_SOURCE RECORDS:_

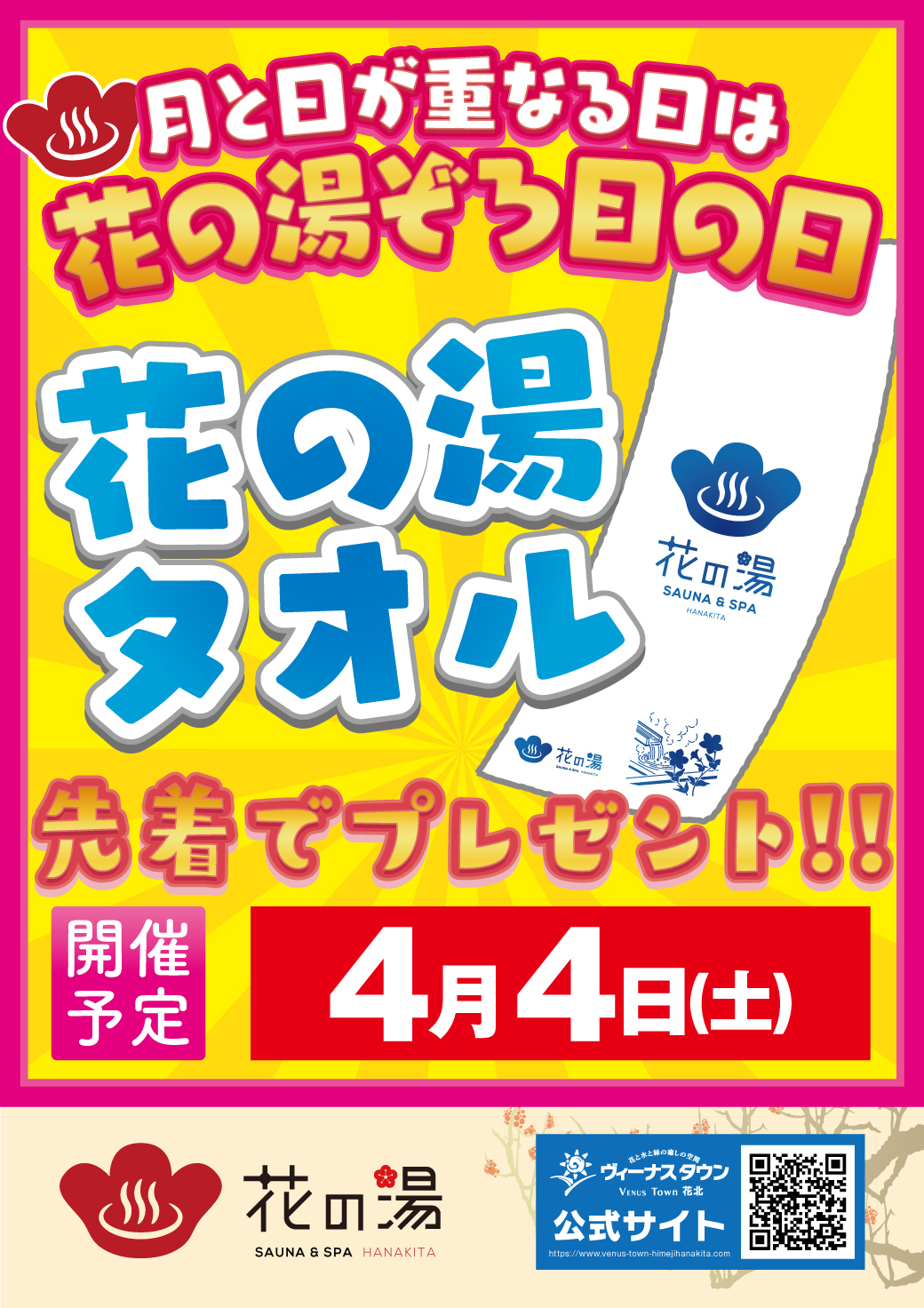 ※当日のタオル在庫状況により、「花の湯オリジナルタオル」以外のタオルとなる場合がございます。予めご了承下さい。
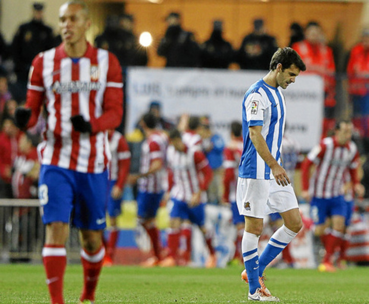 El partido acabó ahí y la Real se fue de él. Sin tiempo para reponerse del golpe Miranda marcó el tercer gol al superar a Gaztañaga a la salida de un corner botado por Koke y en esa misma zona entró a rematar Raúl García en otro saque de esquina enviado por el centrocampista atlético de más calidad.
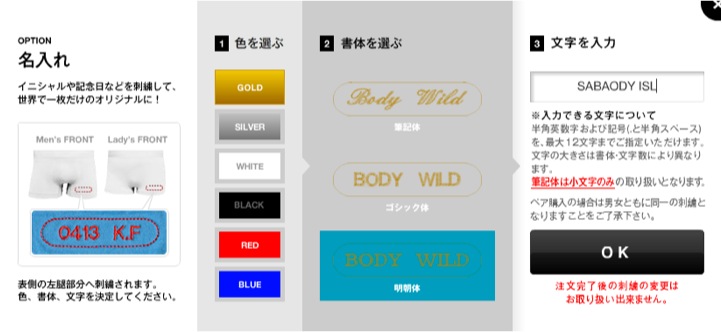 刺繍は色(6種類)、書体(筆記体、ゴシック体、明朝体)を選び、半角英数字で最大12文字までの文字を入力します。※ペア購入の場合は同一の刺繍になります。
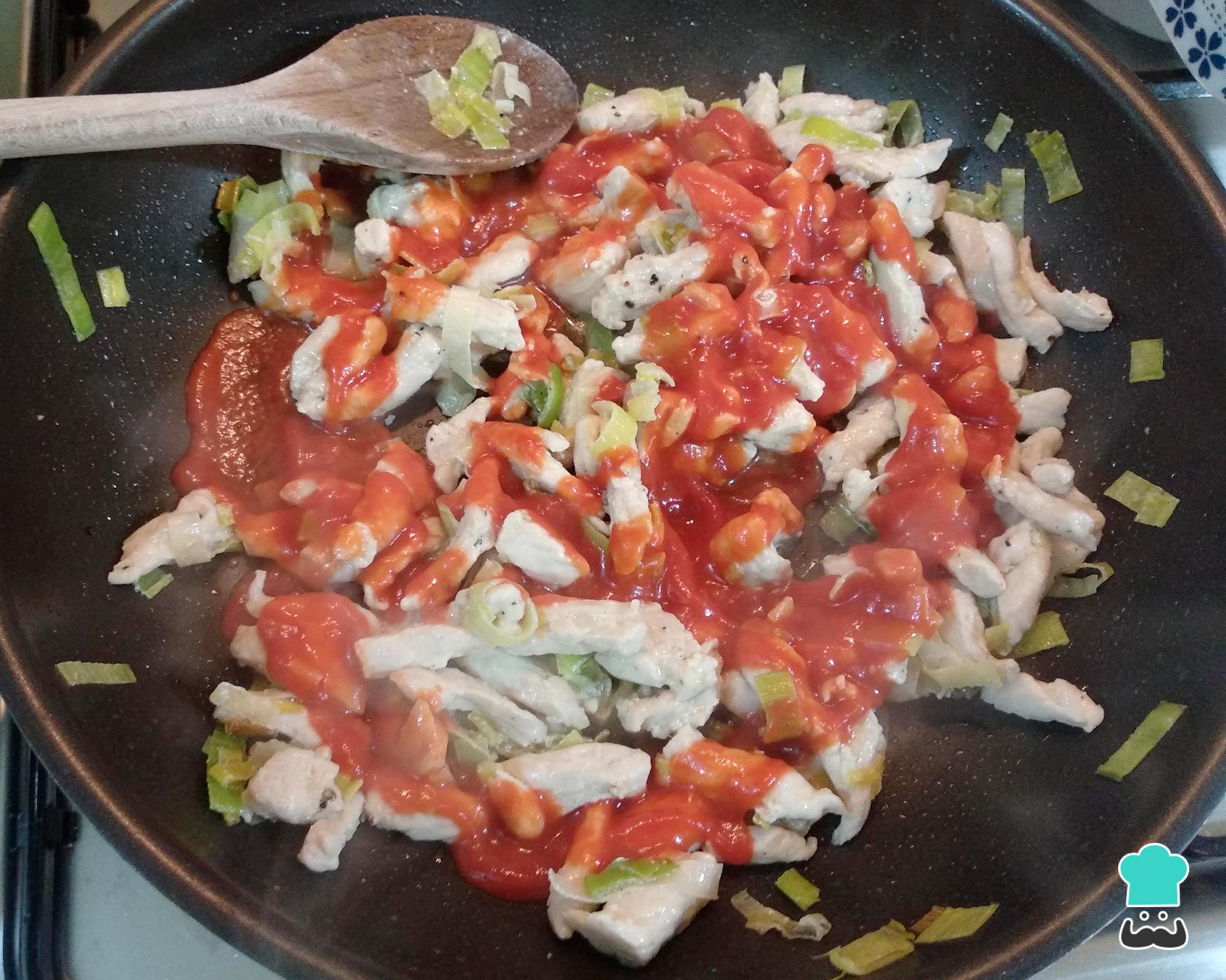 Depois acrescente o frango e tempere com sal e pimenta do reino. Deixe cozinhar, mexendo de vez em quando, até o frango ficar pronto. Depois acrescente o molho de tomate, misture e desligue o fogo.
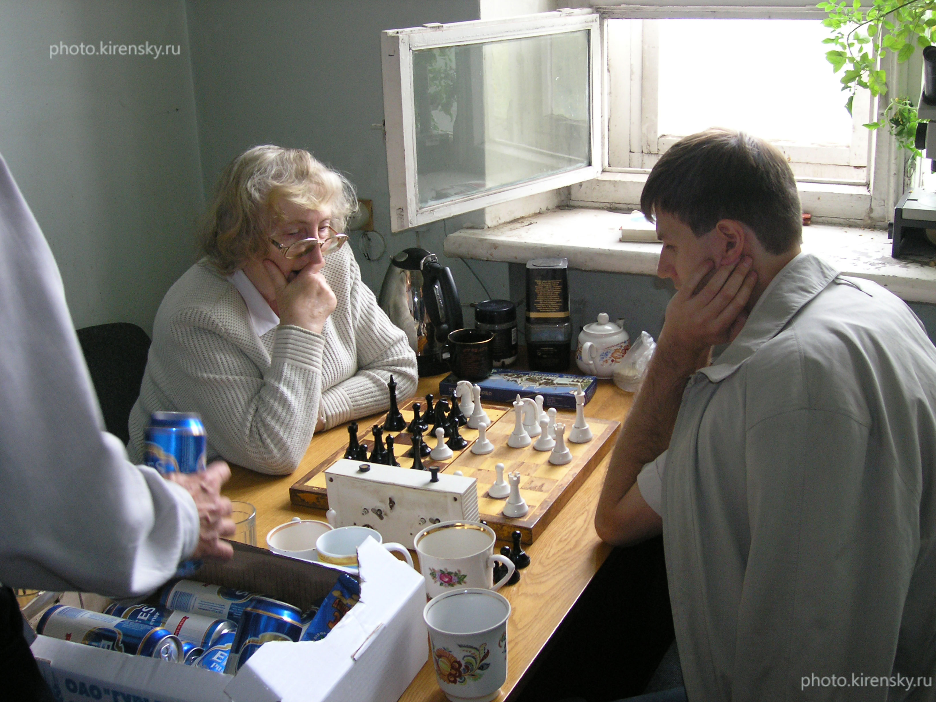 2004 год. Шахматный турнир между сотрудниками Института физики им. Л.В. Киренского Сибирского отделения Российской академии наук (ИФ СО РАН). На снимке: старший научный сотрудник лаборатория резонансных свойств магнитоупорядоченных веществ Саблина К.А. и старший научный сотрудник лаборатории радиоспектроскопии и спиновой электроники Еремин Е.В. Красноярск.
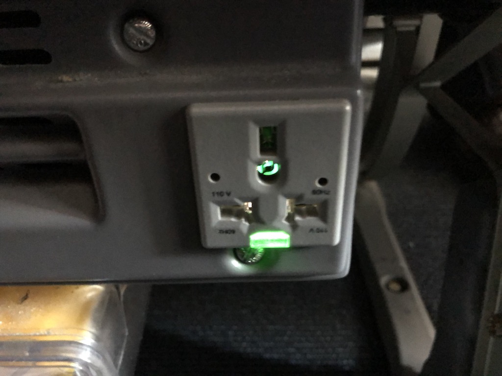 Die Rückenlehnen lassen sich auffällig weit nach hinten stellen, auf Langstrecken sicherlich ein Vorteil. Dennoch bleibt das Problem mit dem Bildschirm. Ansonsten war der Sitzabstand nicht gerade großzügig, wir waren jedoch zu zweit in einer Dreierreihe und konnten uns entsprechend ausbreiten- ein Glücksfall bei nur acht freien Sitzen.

---

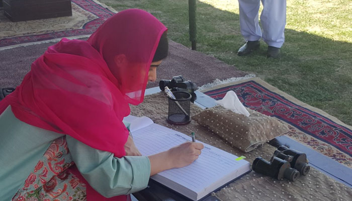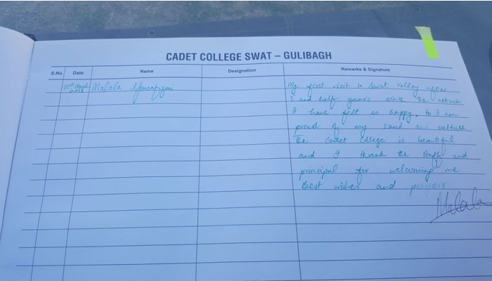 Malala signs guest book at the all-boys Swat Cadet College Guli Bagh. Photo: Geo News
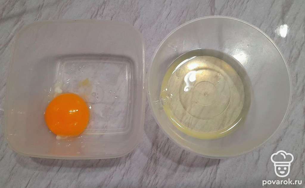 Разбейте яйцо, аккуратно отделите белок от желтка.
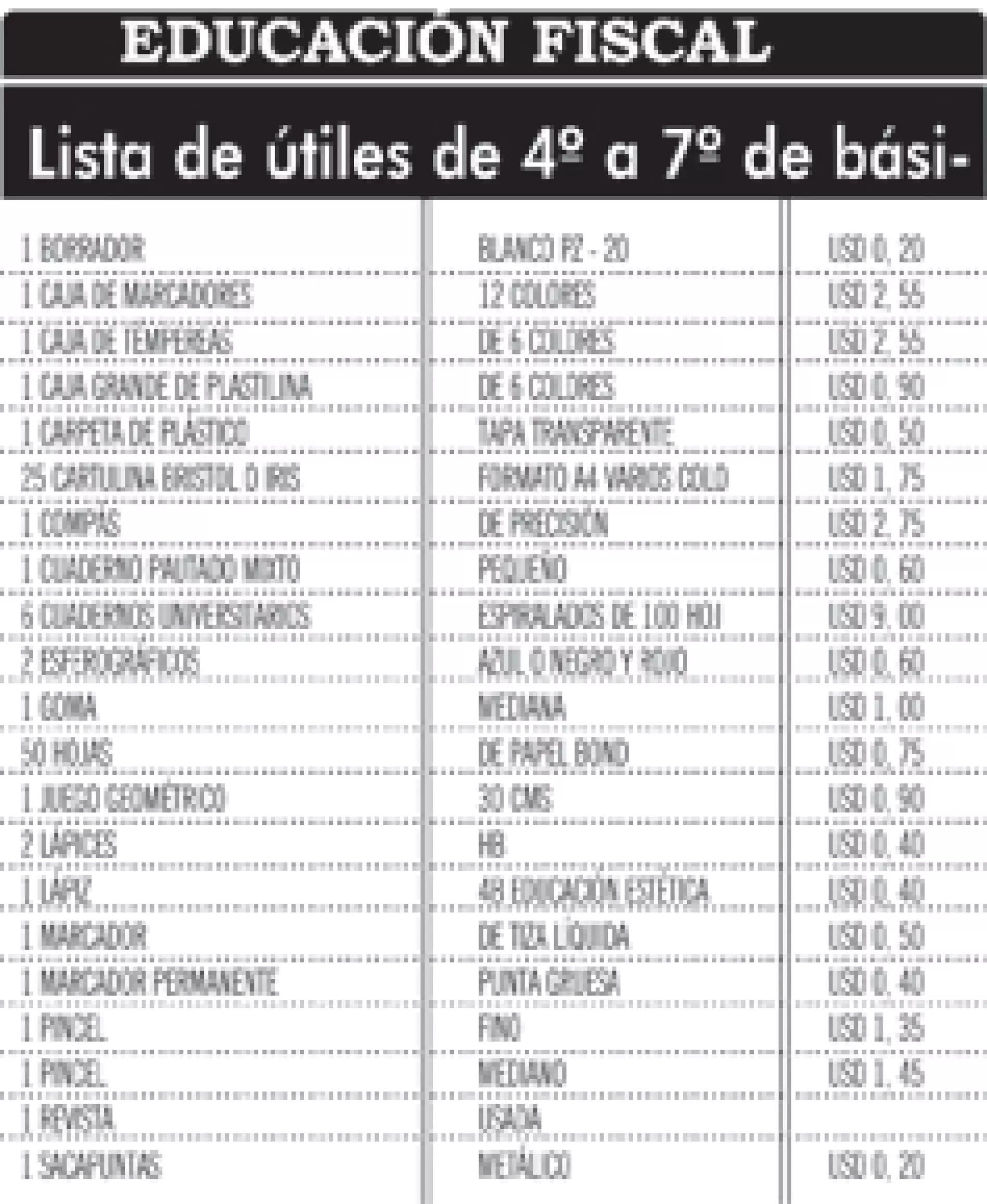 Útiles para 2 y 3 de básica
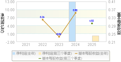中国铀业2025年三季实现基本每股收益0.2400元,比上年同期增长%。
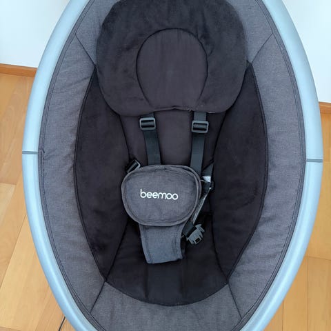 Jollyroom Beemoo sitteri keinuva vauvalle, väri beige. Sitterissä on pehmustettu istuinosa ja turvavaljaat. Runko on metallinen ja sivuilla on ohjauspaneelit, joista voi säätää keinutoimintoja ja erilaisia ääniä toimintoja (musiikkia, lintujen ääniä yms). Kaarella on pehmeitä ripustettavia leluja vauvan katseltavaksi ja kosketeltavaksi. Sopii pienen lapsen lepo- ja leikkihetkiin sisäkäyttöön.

_EXERCISE AIM:_
The copy should hold exactly the lines above from the one with "Malala signs guest" through the one with "Jollyroom Beemoo sitteri", both ends counted, and no pictures at all.

_EXPECTED ANSWER:_
 Malala signs guest book at the all-boys Swat Cadet College Guli Bagh. Photo: Geo News
 Разбейте яйцо, аккуратно отделите белок от желтка.
 Útiles para 2 y 3 de básica
中国铀业2025年三季实现基本每股收益0.2400元,比上年同期增长%。
 Jollyroom Beemoo sitteri keinuva vauvalle, väri beige. Sitterissä on pehmustettu istuinosa ja turvavaljaat. Runko on metallinen ja sivuilla on ohjauspaneelit, joista voi säätää keinutoimintoja ja erilaisia ääniä toimintoja (musiikkia, lintujen ääniä yms). Kaarella on pehmeitä ripustettavia leluja vauvan katseltavaksi ja kosketeltavaksi. Sopii pienen lapsen lepo- ja leikkihetkiin sisäkäyttöön.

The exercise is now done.